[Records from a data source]

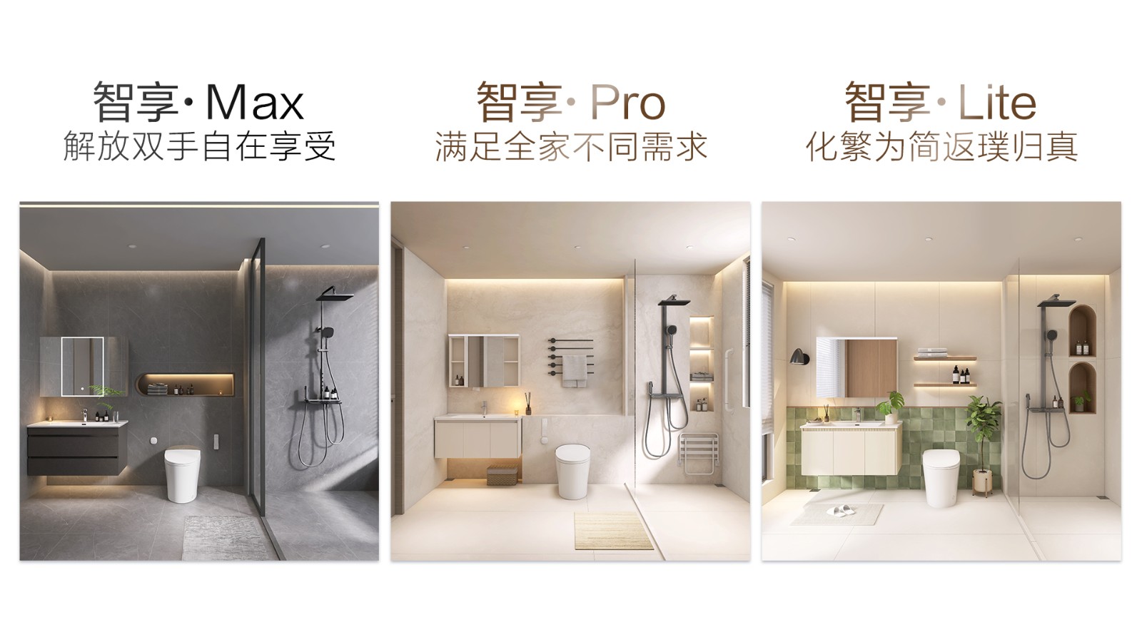 以套系化設(shè)計(jì)為核心,重磅推出三大「智」愈空間,以多樣產(chǎn)品組合匹配不同人群需求。套間內(nèi)包含行業(yè)爆款舒沐洗H5Pro智能馬桶、口碑爆款H35Pro的升級力作——全新H36Max智能馬桶、以及HQ606輕智能馬桶,三大單品按需選購,更搭配了高顏值美妝智能鏡柜與鋼琴鍵花灑,實(shí)現(xiàn)功能與美學(xué)的雙重升級。
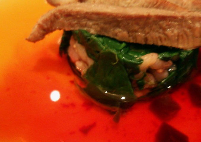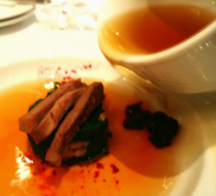 Marhanyelv erőleves zöldbe göngyölt málnás gerslivel és roséban főtt céklával (Vályi László, Thermál Hotel, Visegrád)
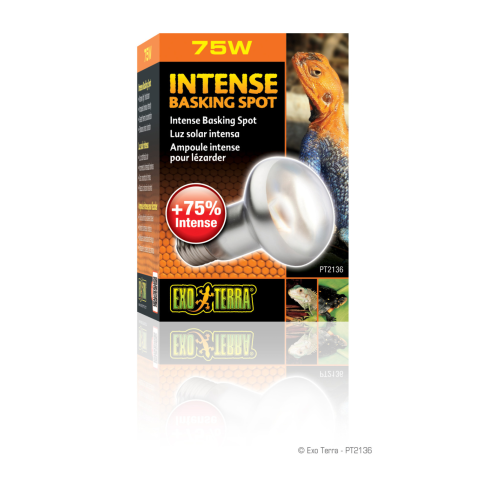 Exo Terra Intense Basking Spot sütkérező lámpa nappal aktív hüllők részére, UVA fénnyel. Exo Terra Intense Basking Spot nappal aktív hüllőkhöz ajánlott sütkérező lámpa, mely tökéletes választás, ha sütkérező helyet szeretnénk kialakítani kedvenceink sz
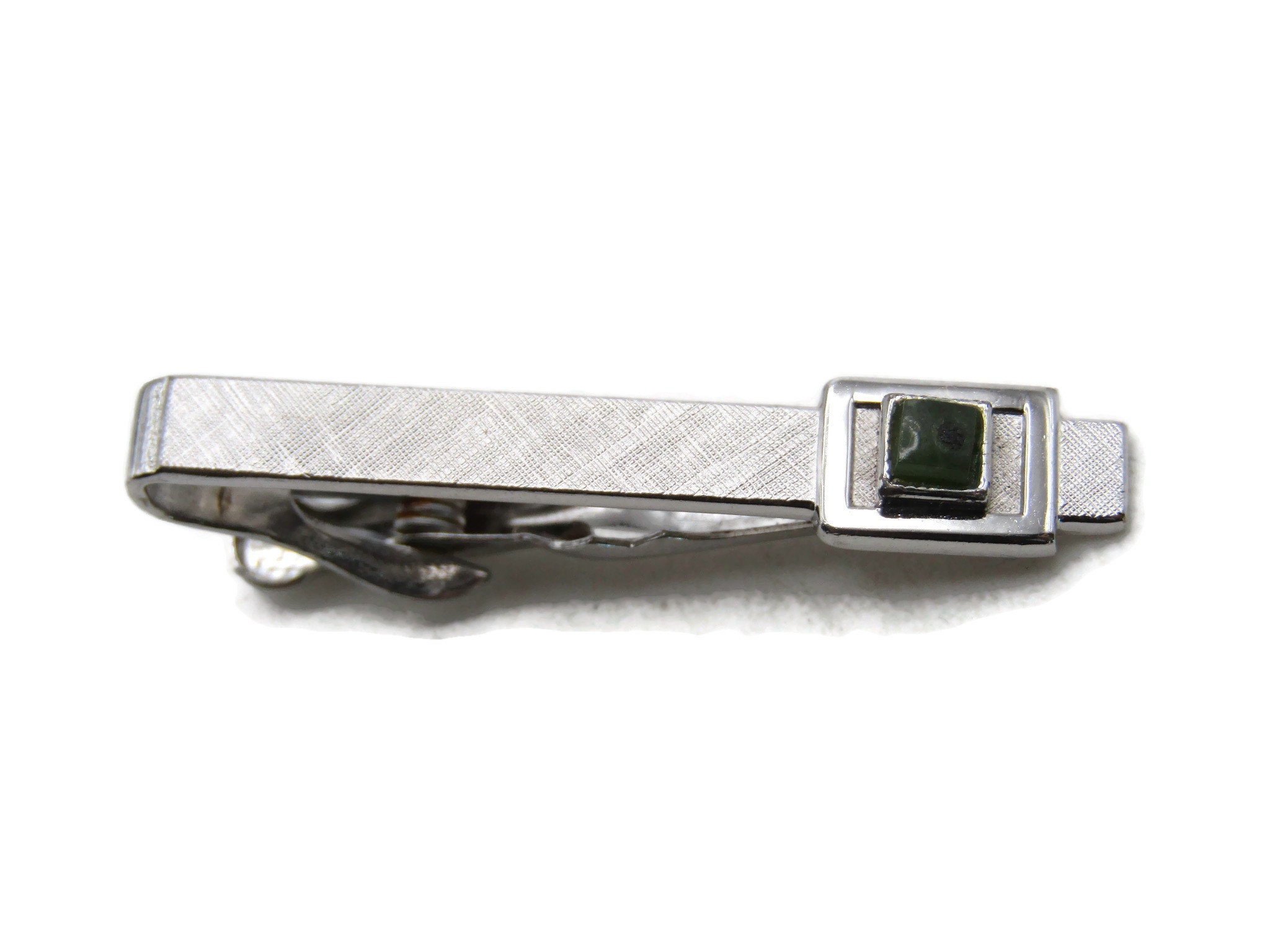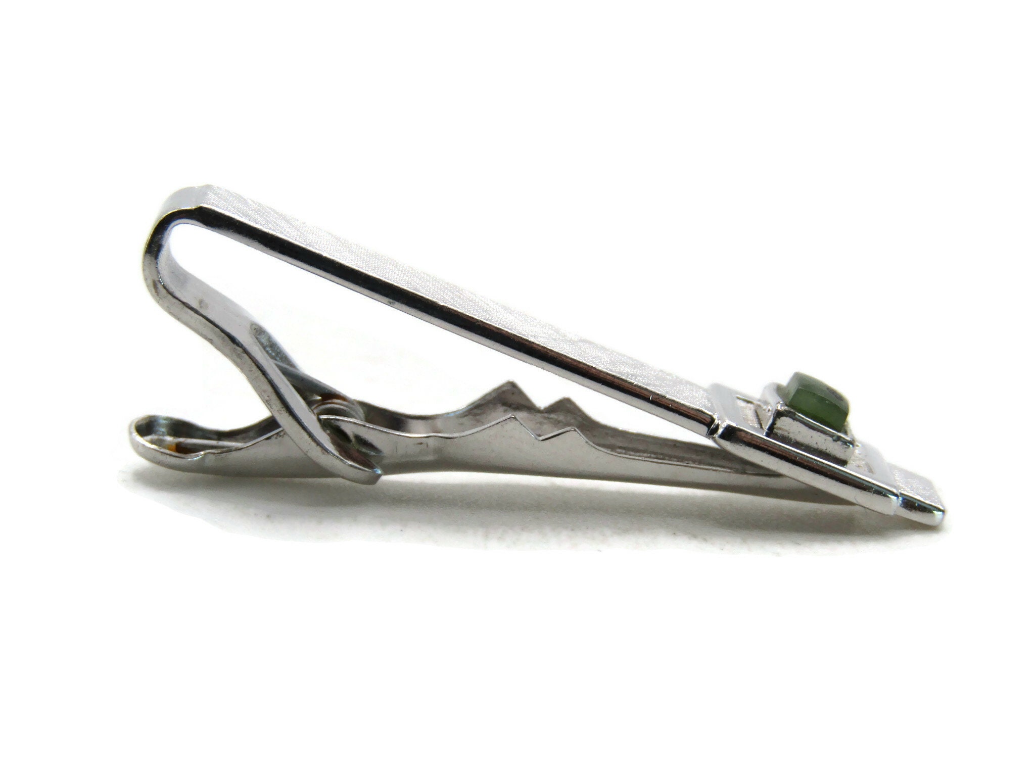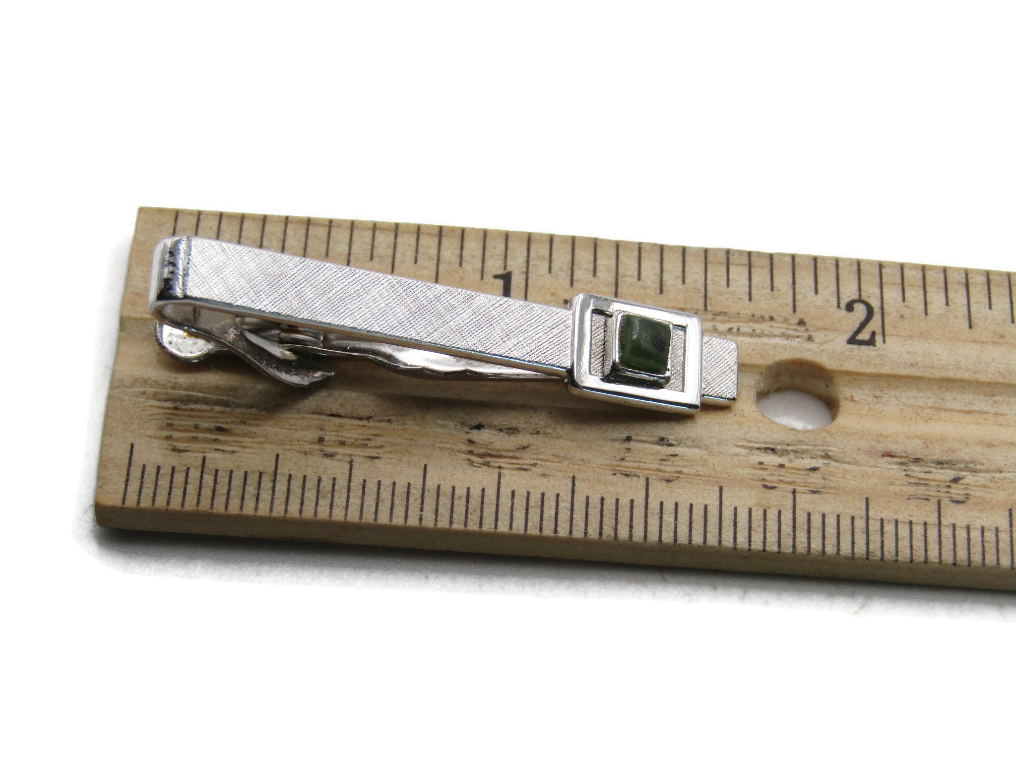 Green Stone Inlay Brushed Finished Tie Bar Tie Clip Men's Jewelry Silver Tone
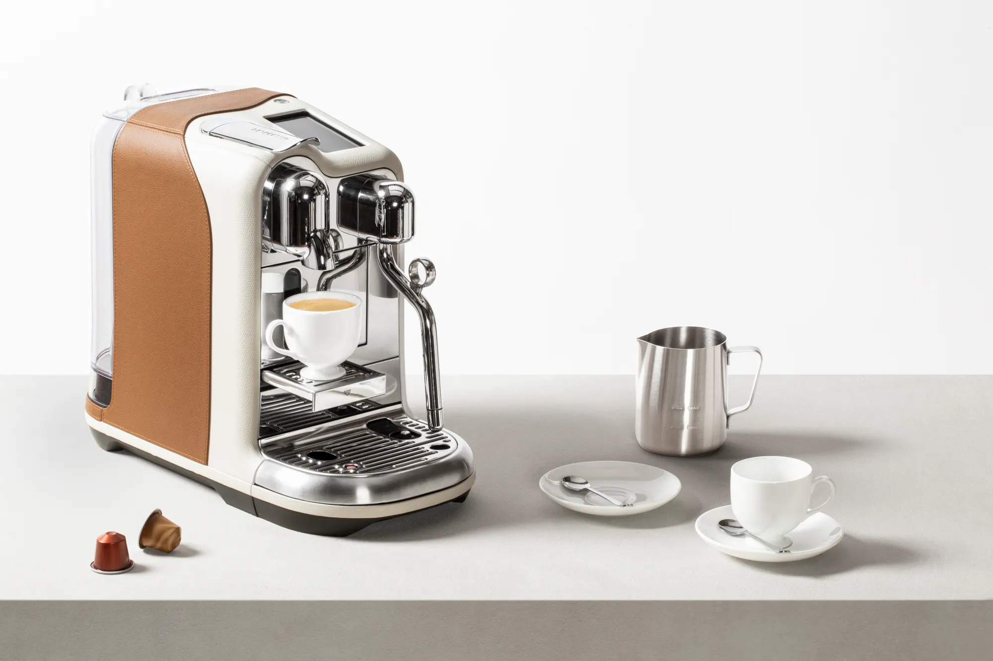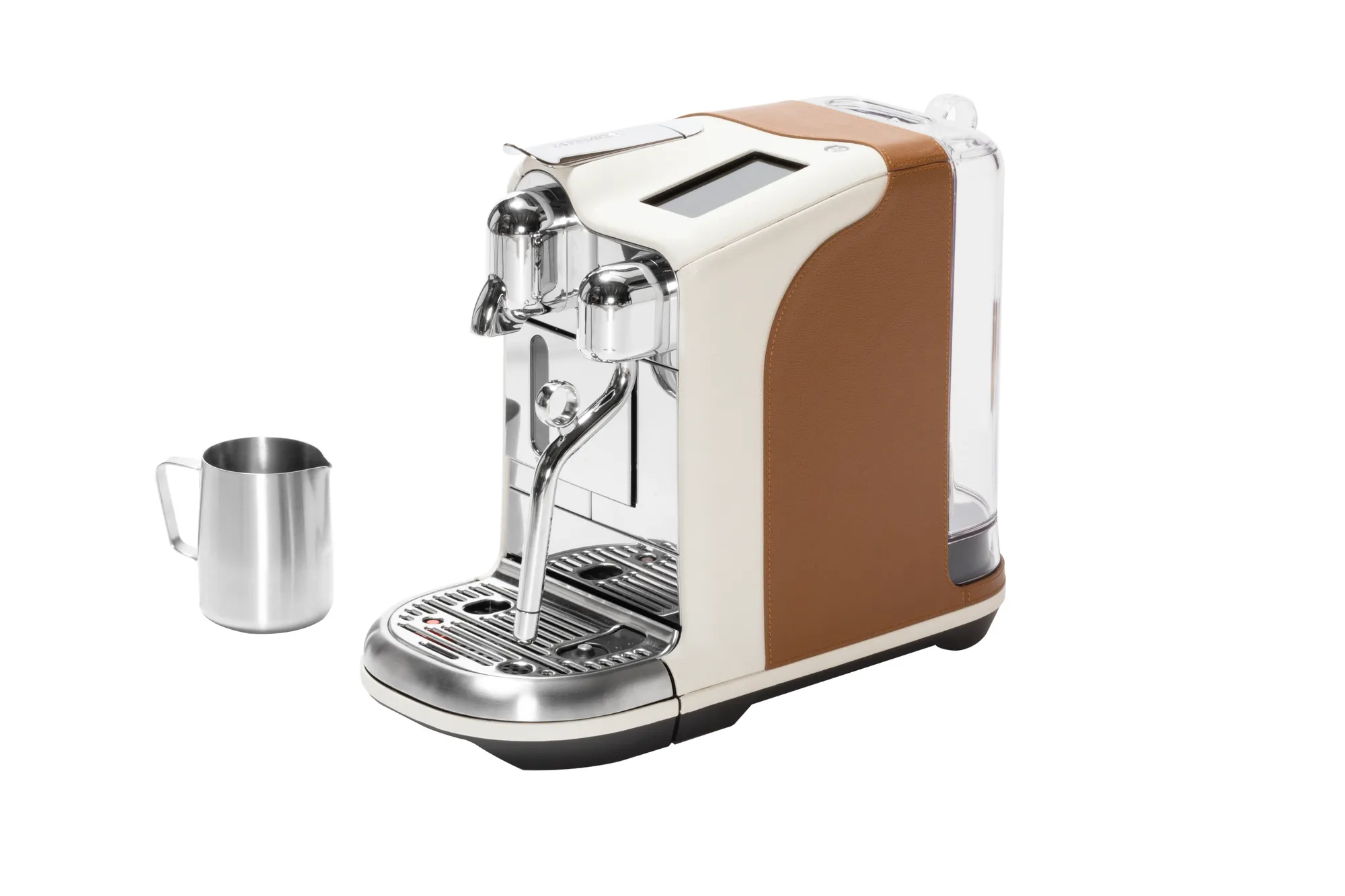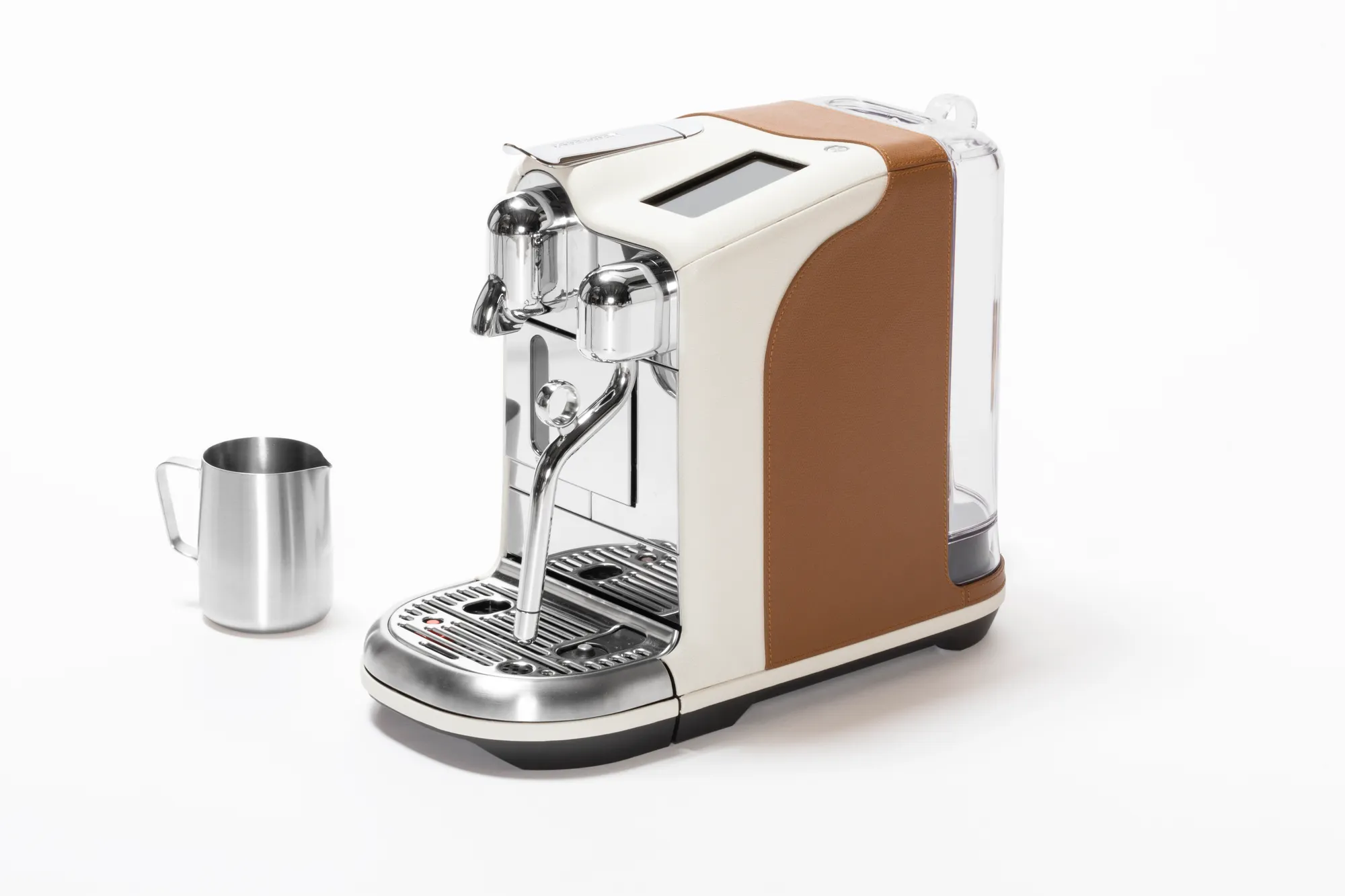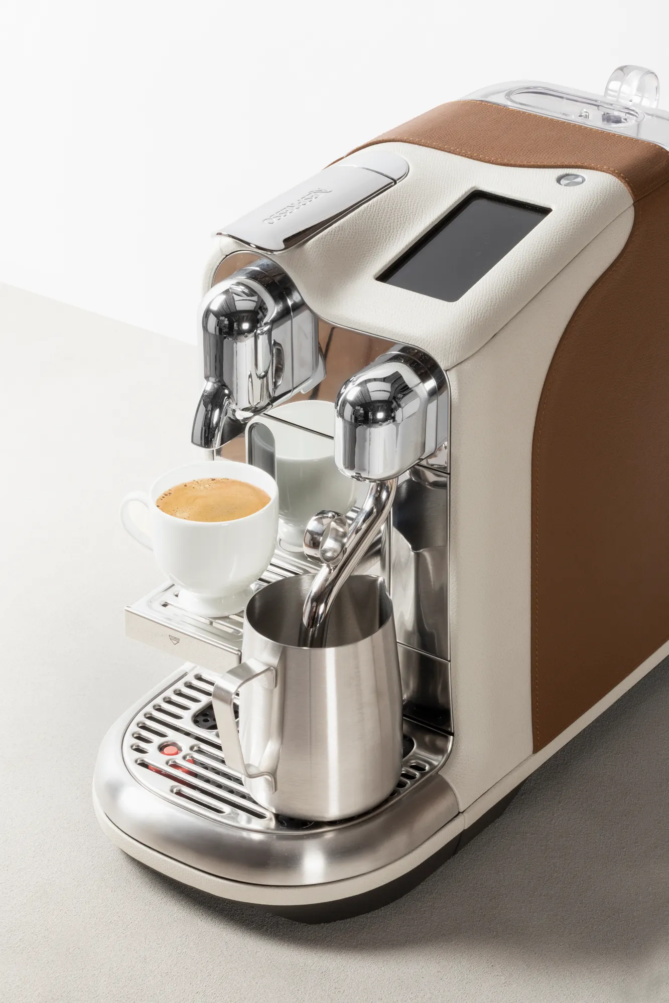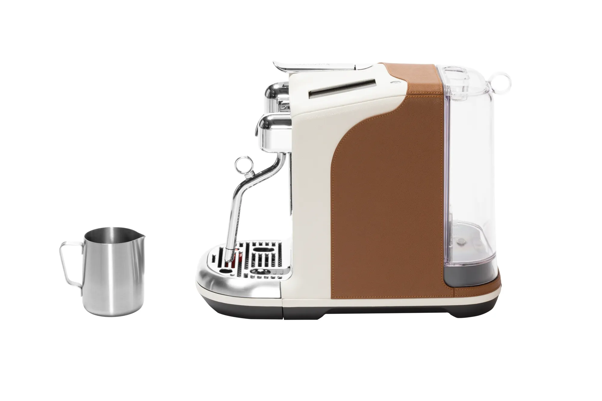 Leather-bound Nespresso machine with a smooth, wavy decorative motif. It uses Nespresso classic capsules and includes the possibility to pour just hot water. It boasts an array of different milk recipes thanks to its built-in milk frother and the interactive touch screen, which allows to customise settings at will to make one's own signature coffee. Personalised drinks can be saved to the drinks menu. It comes with a stainless steel milk jug. It is possible to choose between the monochrome or bicolor version. Voltage available: 220V.
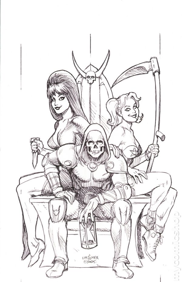 Limited 1 for 7 Retailer Incentive Variant Cover. (W) Amanda Conner, Jimmy Palmiotti (A) Juan Samu, Amanda Conner (CA) Joseph Michael Linsner FROM CLASSIC CASTLES TO COSMIC CHAOS! After making a daring escape from their would-be captors in Transylvania, Elvira and Harley Quinn find themselves rocketing through space with the ever-dashing Vartox. Their destination? A jaw-dropping interspecies wedding in a galaxy far, far away. But when the ceremony spirals into madness and Elvira is abducted by a fanatical alien cult that worships her with drooling devotion… well, thats when things start to get weird! Cover price $4.99.
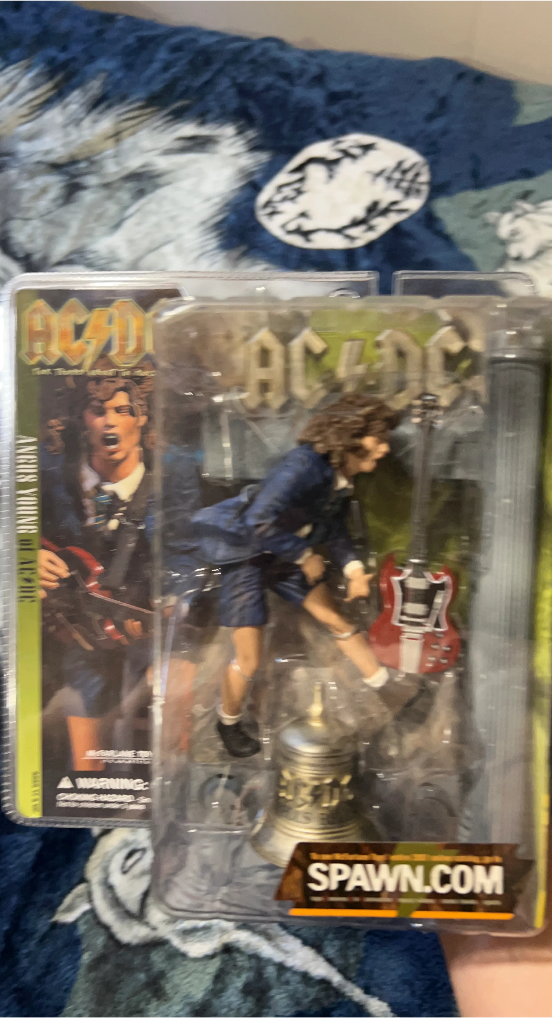 Selling an AC/DC Angus Young action figure by McFarlane Toys! It's still in its original packaging and looks to be in great condition. A cool collectible for any AC/DC fan
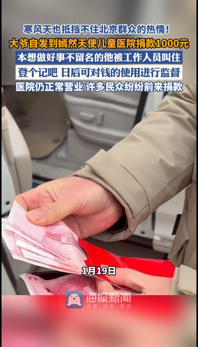 主播说丨寒风天也抵挡不住北京群众的热情!大爷自发到嫣然天使儿童医院捐款1000元
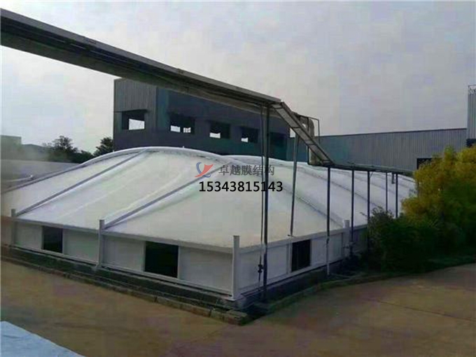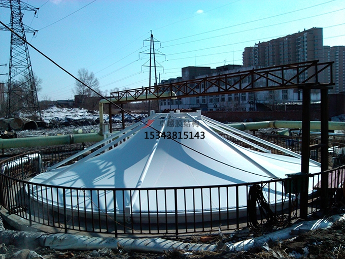 2.確認(rèn)膜材的品種:污水池加蓋除臭選用的膜材有許多中,應(yīng)根據(jù)池體的跨度挑選適宜的膜材才干達到預(yù)期的作用.一般,關(guān)于大跨度而言,選用污水池專用膜材氟碳纖維膜比較適宜,因為這種膜材具有很強的抗腐蝕能力,能對池內(nèi)廢氣起到抗腐蝕的作用,無形中保證了膜材的使用壽命;

- EXERCISE INSTRUCTIONS -
Give the data again exactly as written, with all pictures left out.

- TASK SOLUTION -
 以套系化設(shè)計(jì)為核心,重磅推出三大「智」愈空間,以多樣產(chǎn)品組合匹配不同人群需求。套間內(nèi)包含行業(yè)爆款舒沐洗H5Pro智能馬桶、口碑爆款H35Pro的升級力作——全新H36Max智能馬桶、以及HQ606輕智能馬桶,三大單品按需選購,更搭配了高顏值美妝智能鏡柜與鋼琴鍵花灑,實(shí)現(xiàn)功能與美學(xué)的雙重升級。
 Marhanyelv erőleves zöldbe göngyölt málnás gerslivel és roséban főtt céklával (Vályi László, Thermál Hotel, Visegrád)
 Exo Terra Intense Basking Spot sütkérező lámpa nappal aktív hüllők részére, UVA fénnyel. Exo Terra Intense Basking Spot nappal aktív hüllőkhöz ajánlott sütkérező lámpa, mely tökéletes választás, ha sütkérező helyet szeretnénk kialakítani kedvenceink sz
 Green Stone Inlay Brushed Finished Tie Bar Tie Clip Men's Jewelry Silver Tone
 Leather-bound Nespresso machine with a smooth, wavy decorative motif. It uses Nespresso classic capsules and includes the possibility to pour just hot water. It boasts an array of different milk recipes thanks to its built-in milk frother and the interactive touch screen, which allows to customise settings at will to make one's own signature coffee. Personalised drinks can be saved to the drinks menu. It comes with a stainless steel milk jug. It is possible to choose between the monochrome or bicolor version. Voltage available: 220V.
 Limited 1 for 7 Retailer Incentive Variant Cover. (W) Amanda Conner, Jimmy Palmiotti (A) Juan Samu, Amanda Conner (CA) Joseph Michael Linsner FROM CLASSIC CASTLES TO COSMIC CHAOS! After making a daring escape from their would-be captors in Transylvania, Elvira and Harley Quinn find themselves rocketing through space with the ever-dashing Vartox. Their destination? A jaw-dropping interspecies wedding in a galaxy far, far away. But when the ceremony spirals into madness and Elvira is abducted by a fanatical alien cult that worships her with drooling devotion… well, thats when things start to get weird! Cover price $4.99.
 Selling an AC/DC Angus Young action figure by McFarlane Toys! It's still in its original packaging and looks to be in great condition. A cool collectible for any AC/DC fan
 主播说丨寒风天也抵挡不住北京群众的热情!大爷自发到嫣然天使儿童医院捐款1000元
 2.確認(rèn)膜材的品種:污水池加蓋除臭選用的膜材有許多中,應(yīng)根據(jù)池體的跨度挑選適宜的膜材才干達到預(yù)期的作用.一般,關(guān)于大跨度而言,選用污水池專用膜材氟碳纖維膜比較適宜,因為這種膜材具有很強的抗腐蝕能力,能對池內(nèi)廢氣起到抗腐蝕的作用,無形中保證了膜材的使用壽命;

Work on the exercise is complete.